How Does Atom Interaction Influence Motion in a One-Dimensional Crystal Lattice?

[bobibomi]

ω = √- $\stackrel{(D((2*cos(ak)- 2))}{(m)}$

ω = √$\stackrel{(-D((2*cos(ak)- 2))}{(m)}$


-(A-B) = (-A - -B) = (-A+B) = (B-A)
ω = √-$\stackrel{(D((2*cos(ak)- 2))}{(-m)}$ = √$\stackrel{(-D((2*cos(ak)- 2))}{(--m)}$ = √$\stackrel{(-D((2*cos(ak)- 2))}{(+m)}$ = √$\stackrel{(-D((2*cos(ak)- 2))}{(m)}$

Is this right?

 

[haruspex]

ω = √- $\stackrel{(D((2*cos(ak)- 2))}{(m)}$

ω = √$\stackrel{(-D((2*cos(ak)- 2))}{(m)}$


-(A-B) = (-A - -B) = (-A+B) = (B-A)
ω = √-$\stackrel{(D((2*cos(ak)- 2))}{(-m)}$ = √$\stackrel{(-D((2*cos(ak)- 2))}{(--m)}$ = √$\stackrel{(-D((2*cos(ak)- 2))}{(+m)}$ = √$\stackrel{(-D((2*cos(ak)- 2))}{(m)}$

Is this right?

Move the minus sign in the numerator inside the parentheses, using the steps I showed with A and B.

 

[bobibomi]

ω = √- $\stackrel{(D((2*cos(ak)- 2))}{(m)}$

ω = √$\stackrel{(-D((2*cos(ak)- 2))}{(m)}$


-(A-B) = (-A - -B) = (-A+B) = (B-A)
ω = √$\stackrel{(-D((2*cos(ak)- 2))}{(m)}$ = √$\stackrel{(D((-2*cos(ak)- - 2))}{(m)}$ = √$\stackrel{(D((-2*cos(ak) + 2))}{(+m)}$ = √$\stackrel{(D((2-2*cos(ak)))}{(m)}$

Is this right?

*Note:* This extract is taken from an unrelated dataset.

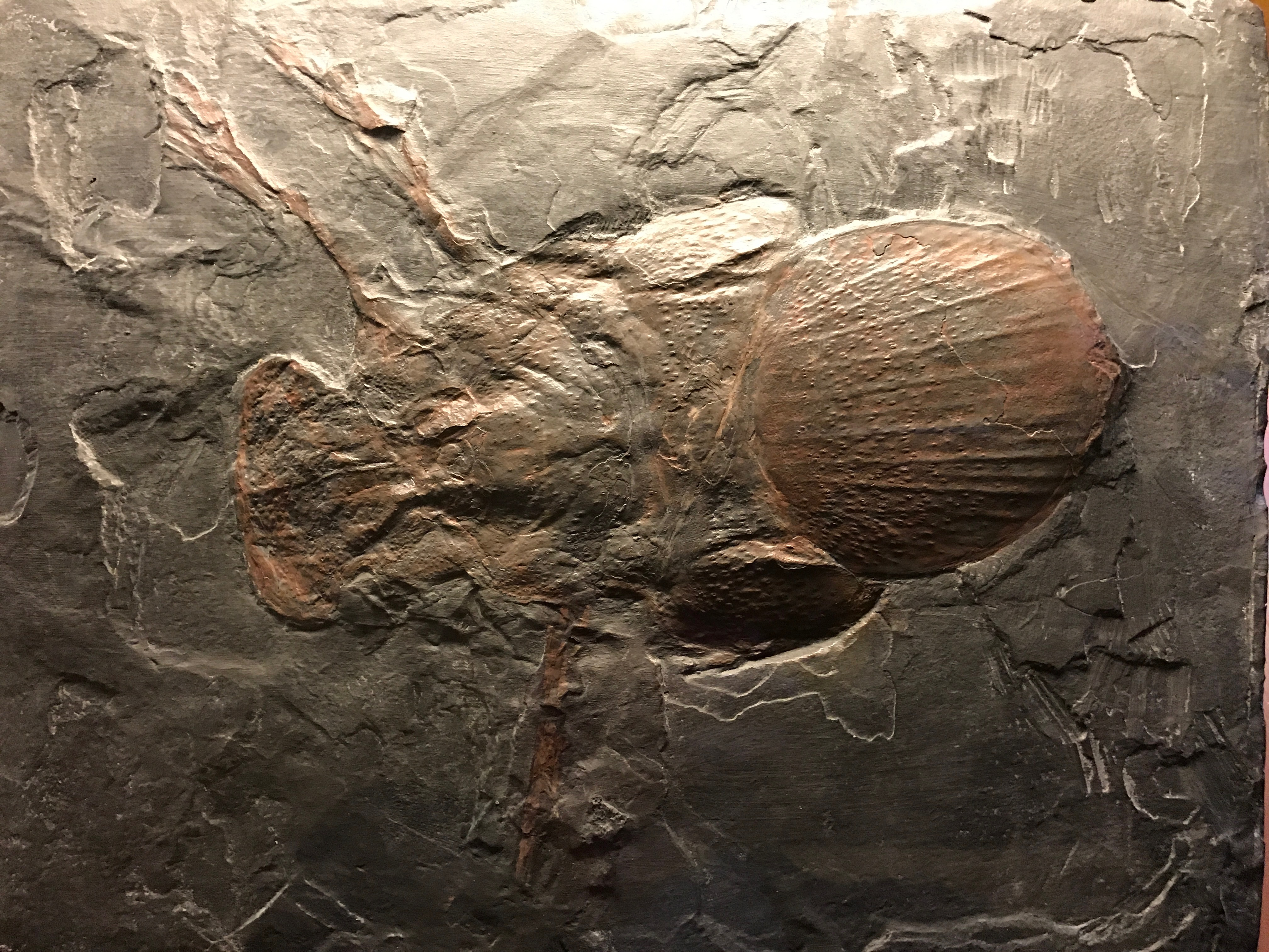 Cast of the Megarachne servinei holotype, exhibited at the Natural History Museum, Vienna. The holotype itself is kept at the Museum of Paleontology of the University of Córdoba, in Córdoba (Argentina).
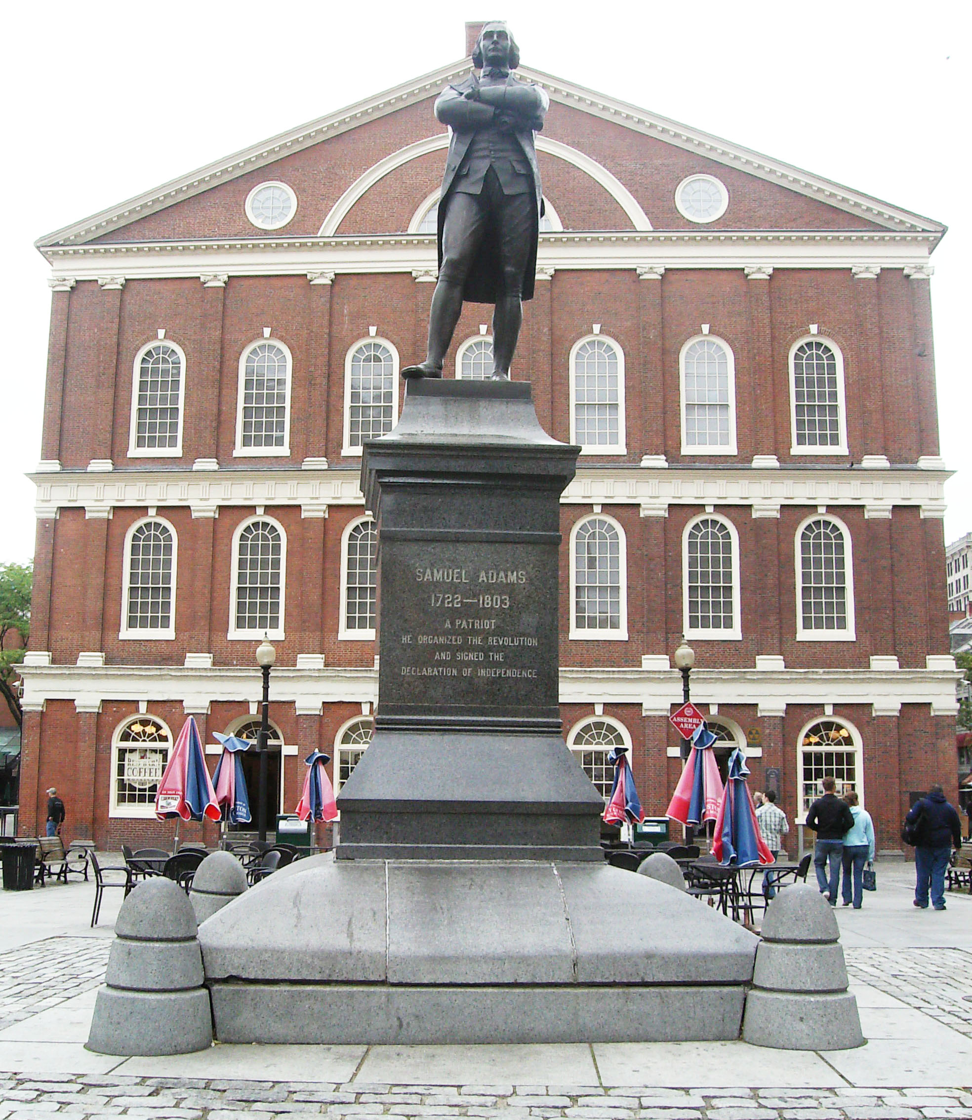 Picture of the Statue of Samuel Adams, in front of the West side of Faneuil Hall

I have no other idea

 

[haruspex]

ω = √- $\stackrel{(D((2*cos(ak)- 2))}{(m)}$

ω = √$\stackrel{(-D((2*cos(ak)- 2))}{(m)}$


-(A-B) = (-A - -B) = (-A+B) = (B-A)
ω = √$\stackrel{(-D((2*cos(ak)- 2))}{(m)}$ = √$\stackrel{(D((-2*cos(ak)- - 2))}{(m)}$ = √$\stackrel{(D((-2*cos(ak) + 2))}{(+m)}$ = √$\stackrel{(D((2-2*cos(ak)))}{(m)}$

Is this right? I have no other idea

Yes, that's right (but why do you persist in using \stackrel instead \frac?).
Note that 2-2*cos() = 2*(1-cos()) which is never negative. Therefore the square root always has a real solution.